Excerpts from a dataset:
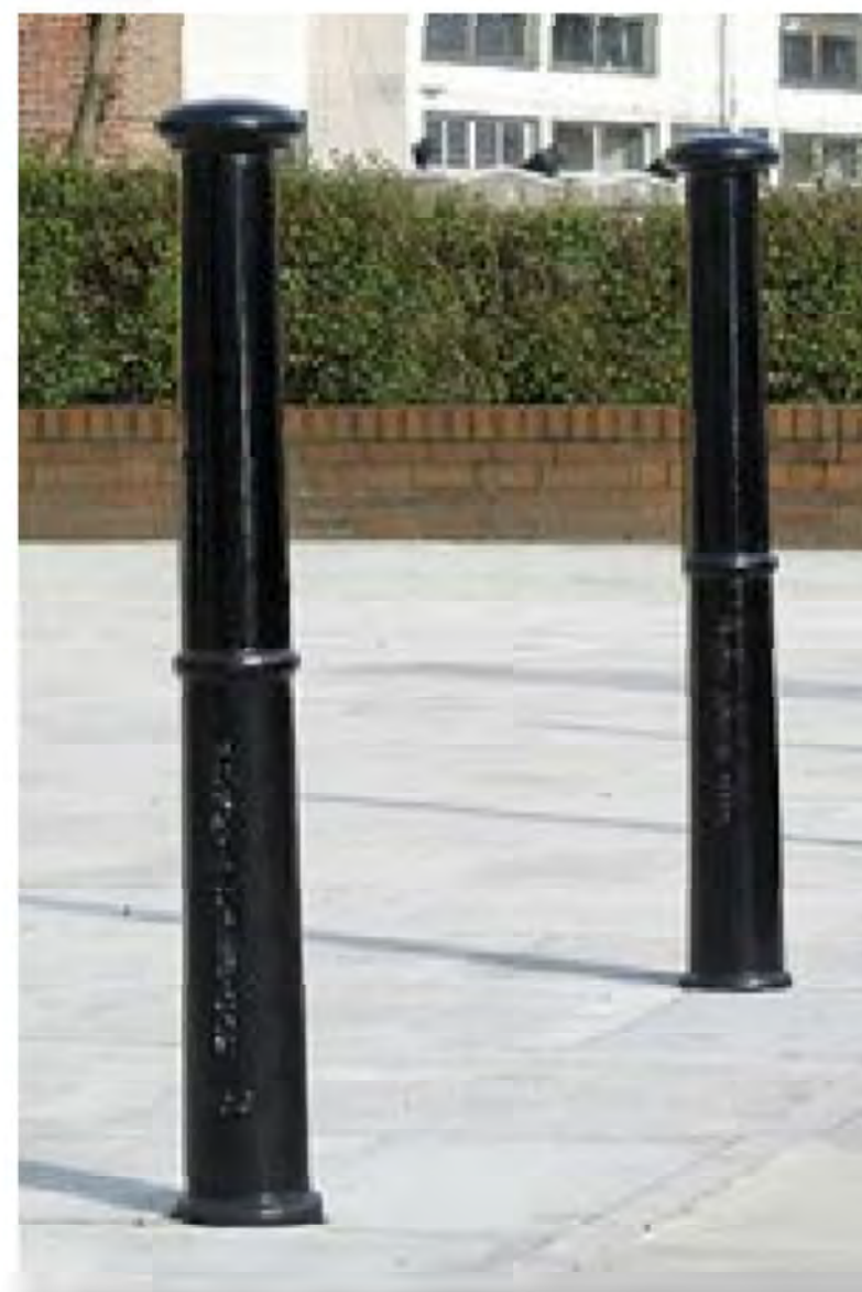
Removable bollards Cast iron, Furnitubes Brunel or similar
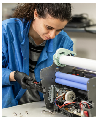
Achieved an average score of 92.7% for internal Comprehensive Environmental and Safety Management Plan audits
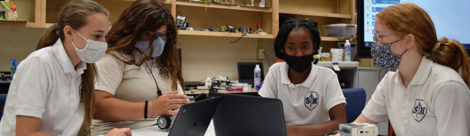
ST. MICHAEL SCHOOL STEM & MAKER SPACE LAB
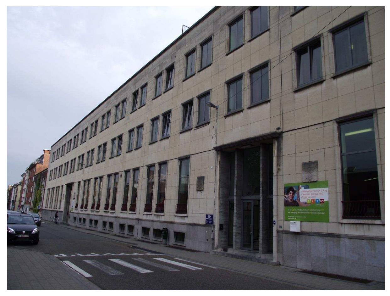
The importance of the agency building
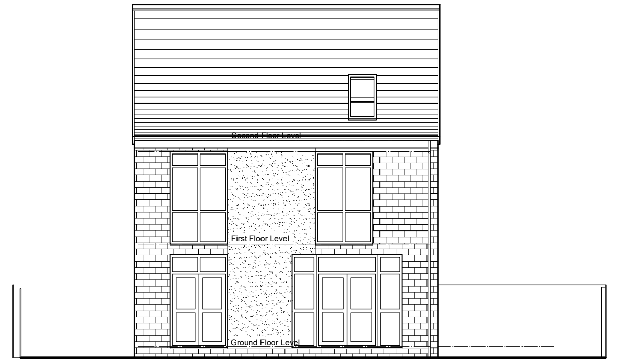
North West Elevation (rear)
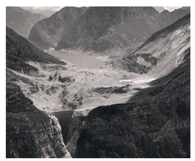
View of the Vajont reservoir after the landslide (1963).

EVELICOOMAIN This work is licensed under a Creative Commons Public Domain Mark 1.0 License .
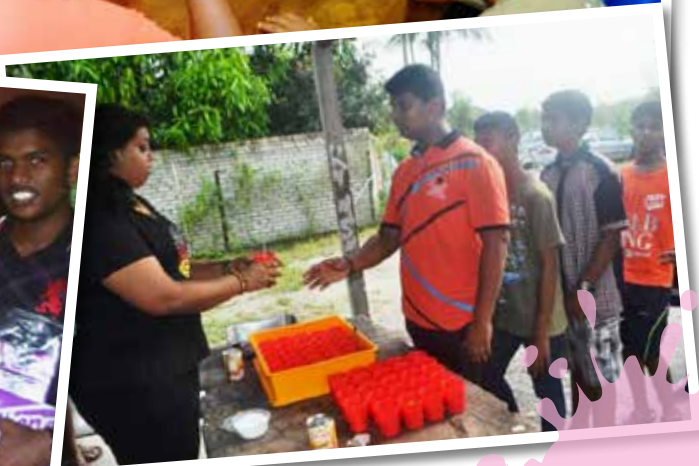
Refreshing rexbena after tiring activities – sport, gardenia, cooing and meetings.
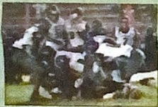
SPORTS... Narbonne edges Gardena on second try. Page 3

Find this week's stories, plus exclusive content at gardenavalleynews.org. Follow us at: Facebook.com/Gardena-Valley-News-140655699304726. Tweet us: @gardena_news; And find us at: Instagram.com/gardenavalleynews. Tag us, follow us, send us comments, pics and videos.
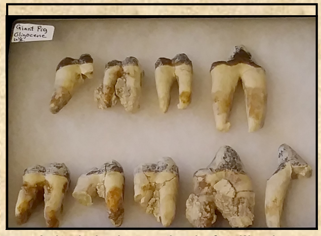
Archeotherium lower tooth series from Wyoming

mens of cutting grade dinosaur bone and thousand of mineral specimens.
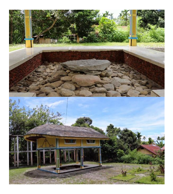
Fig 1. Sedimentation Stone in Wondama Bay
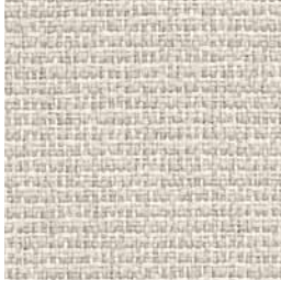
Paris Frost 7020
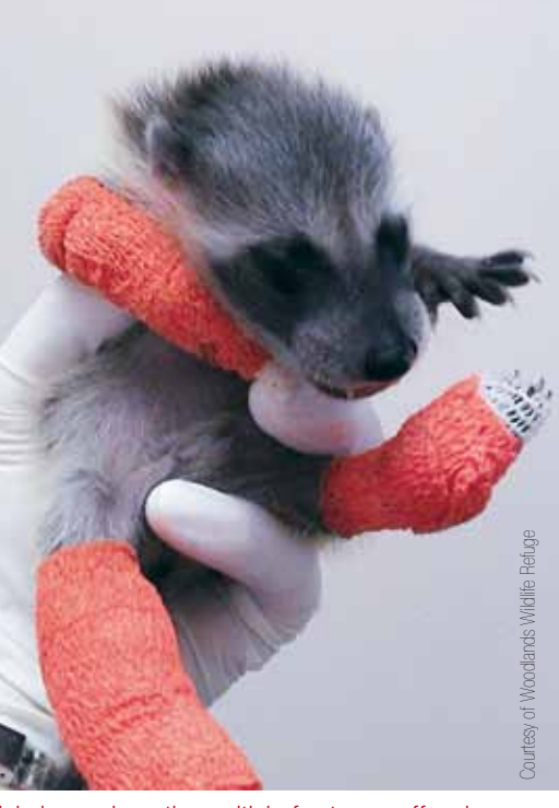
Injuries such as the multiple fractures suffered by this young raccoon require the expert care of a trained wildlife rehabilitator.

To ensure the safety of the public and provide the best care for the animal, only persons who demonstrate proper knowledge and ability to care for injured, orphaned or displaced wild-life—from intake to the point of the animal's release back into their natural habitat—are considered for licensing as wildlife rehabilitators. Being a licensed rehabilitator is a major responsibility and requires time, knowledge and dedication. Wildlife rehabilitators donate their time and do not charge for their services.
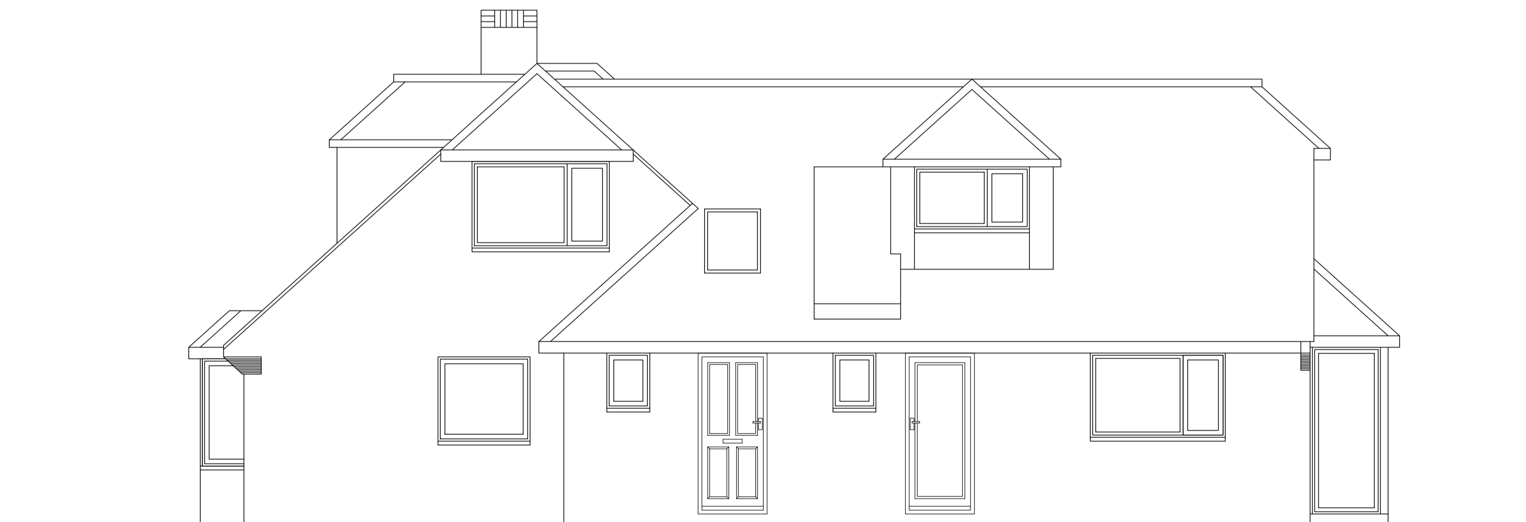
SIDE ELEVATION (north facing)
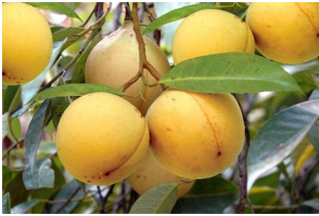
Nutmeg- IISR Viswashree
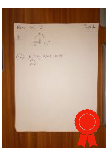
GOOD POSITION, WRITING IS LEGIBLE, SINGLE PAGE IN FRAME
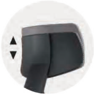
Height Adjustable Headrest
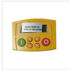
Parker AC890 Membrane Keypad
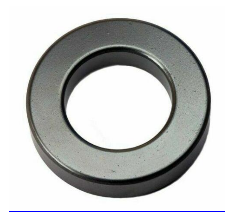
FT-240-43 FT240-43 Toroid Core | Large | 43 Material

W1QK's project to eliminate portable generator hash. One effective use of toroids.
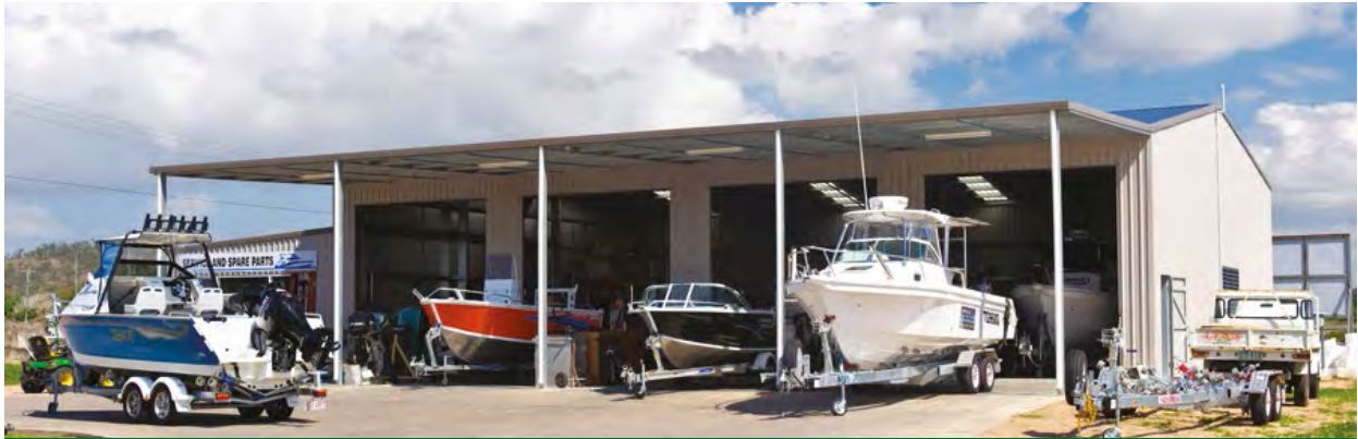
Four bay workshop with awning
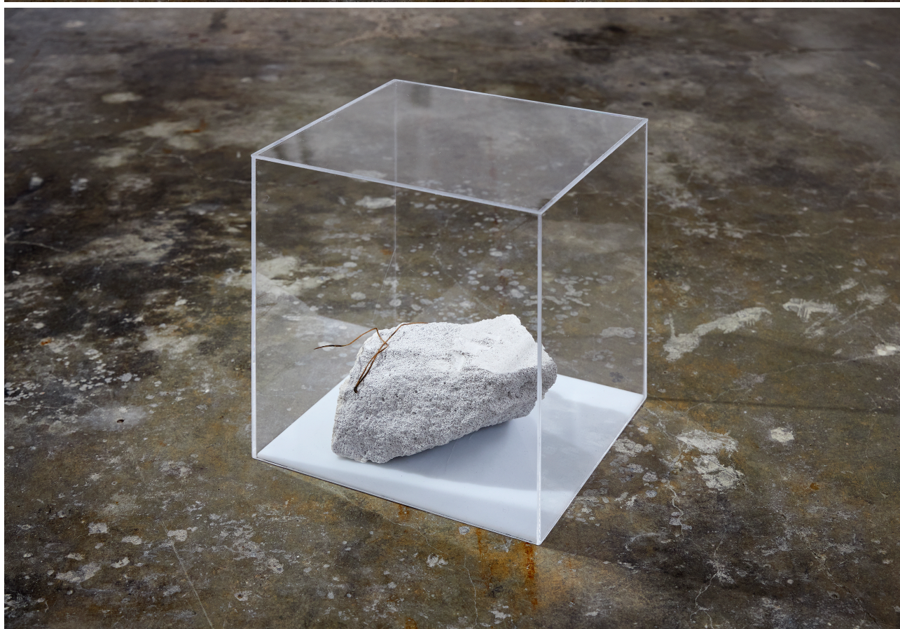
Strings and Stones , 2025, pine needles mounted on stone, top: Broken Horse , 25 × 13 × 14 cm, framed in plexiglas, 34 × 16.5 × 40 cm; bottom: Face Fall , 16.5 × 16 × 8 cm, framed in plexiglas, 22.5 × 21 × 25 cm, installation view, Seeburg – Boat Hall, Kiel, December 13, 2025 – January 17, 2026.
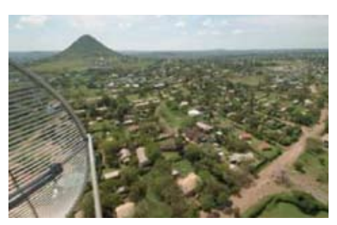
Aerial view of Homabay Town

water supply sources, extending water supplies to the poor and constructing sanitation facilities. These facilities include supply and installation solid waste handling equipment, rehabilitation of treatment works, construction of public water kiosks and integrated sanitation facilities at schools.
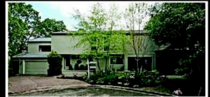
3320 Woodview Ct. Lafayette OPEN SUNDAY 4 Bedrooms, 3 Baths—Large Lot with views
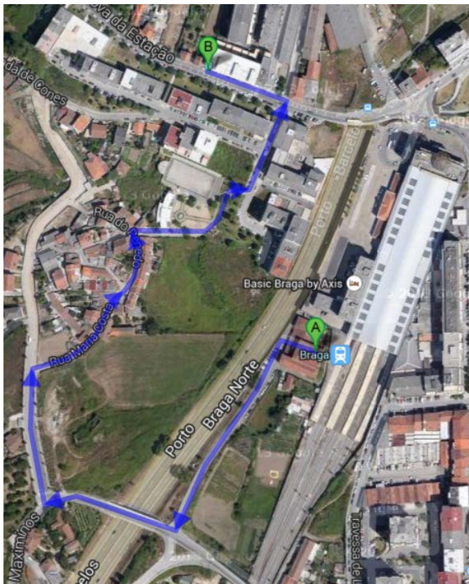
A train station B Bus stop Nr.2

Bus Nr 43 “Estação CF - Universidade do Minho”
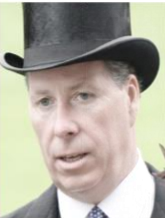
David Armstrong- Jones (Lord Snowden)
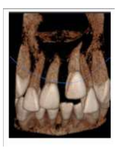
Figure 13: 3D reconstruction CBCT showing significant eruption of both central incisors after 12 months postoperatively.

After 18 months postoperative the left central incisor failed to erupt as seen in intraoral frontal and occlusal photographs [Figure 14-15] and therefore after consultation with orthodontic department team surgical exposure was done [Figure 16-17].
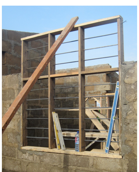
The process began with designing the housing. There it progressed from digging and laying the foundations to building up the floor, walls and windows. When the vertical planes were complete it was time to add the roof and shading devices onto the house.
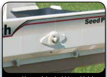
Heavy-duty steel hinged latches
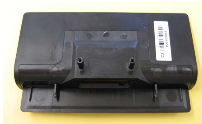
Front Housing without PCBA
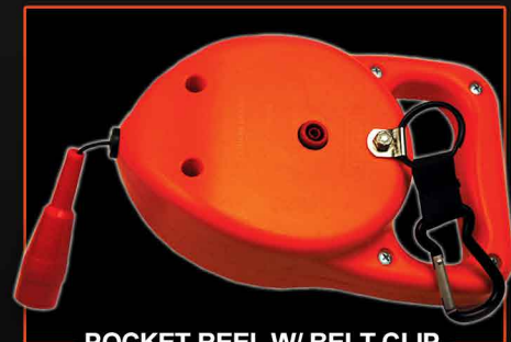
POCKET REEL W/ BELT CLIP, SAFETY BANANA JACK ALSO SHOWN
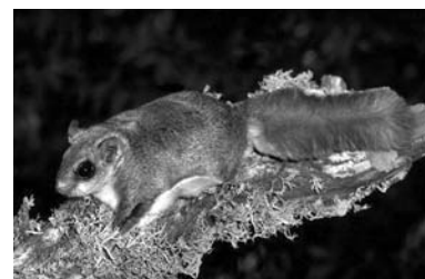
Northern flying squirrel

After we submitted comments last November opposing the mouse's proposed Wyoming delisting, the Fish and Wildlife Service pledged to reconsider that proposal and the inadequate habitat designation.
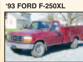
'93 FORD F-250XL

1993 CATERPILLAR Model 963 Crawler Loader , s/n 21Z04688, powered by Cat 3304 diesel engine and hydrostatic transmission, equipped with general purpose loader bucket with teeth, enclosed ROPS cab, and 18" DBG pads. In good condition with good undercarriage.
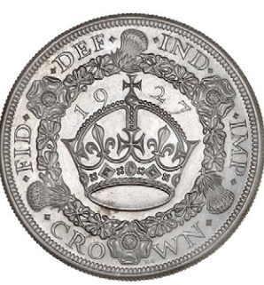
328 Proof Crown, 1927 (ESC 367; S 4036). Small stain on reverse, otherwise about as struck £120-150
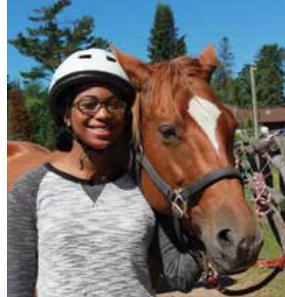
HORSE EMPHASIS Ages 7-16
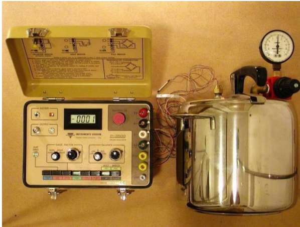
Figure 1: Laboratory calibration (the calibration of the transducer by using a pressure chamber)

TASK STATEMENT:
Check every line above for the word "Large" and copy those that have it.

EXERCISE RESPONSE:
FT-240-43 FT240-43 Toroid Core | Large | 43 Material
3320 Woodview Ct. Lafayette OPEN SUNDAY 4 Bedrooms, 3 Baths—Large Lot with views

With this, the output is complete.